— Exercise directions —
Your copy of the listing should match it exactly, only without pictures.

— Data extract —

BEGIN

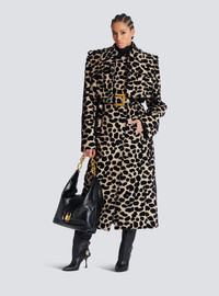 Leopard print jacquard belted trench
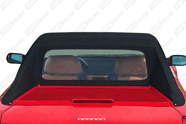 Tops are made to Ferrari specifications, offering choice between German Sonnenland Cloth (the original OEM material) or Haartz Stayfast Twillfast Cloth. Each features heat‑sealed seams, factory‑style hand‑rolled vinyl bindings, and a clear plastic rear window for authenticity and durability.
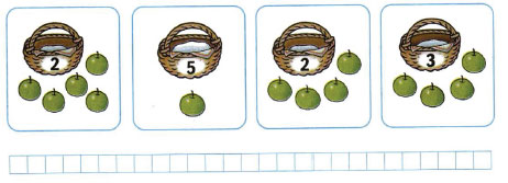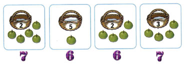 На каждой корзине записано, сколько в ней яблок. Соедини линией рисунки, на которых общее количество яблок одинаковое.

END

— Exercise output —
 Leopard print jacquard belted trench
 Tops are made to Ferrari specifications, offering choice between German Sonnenland Cloth (the original OEM material) or Haartz Stayfast Twillfast Cloth. Each features heat‑sealed seams, factory‑style hand‑rolled vinyl bindings, and a clear plastic rear window for authenticity and durability.
 На каждой корзине записано, сколько в ней яблок. Соедини линией рисунки, на которых общее количество яблок одинаковое.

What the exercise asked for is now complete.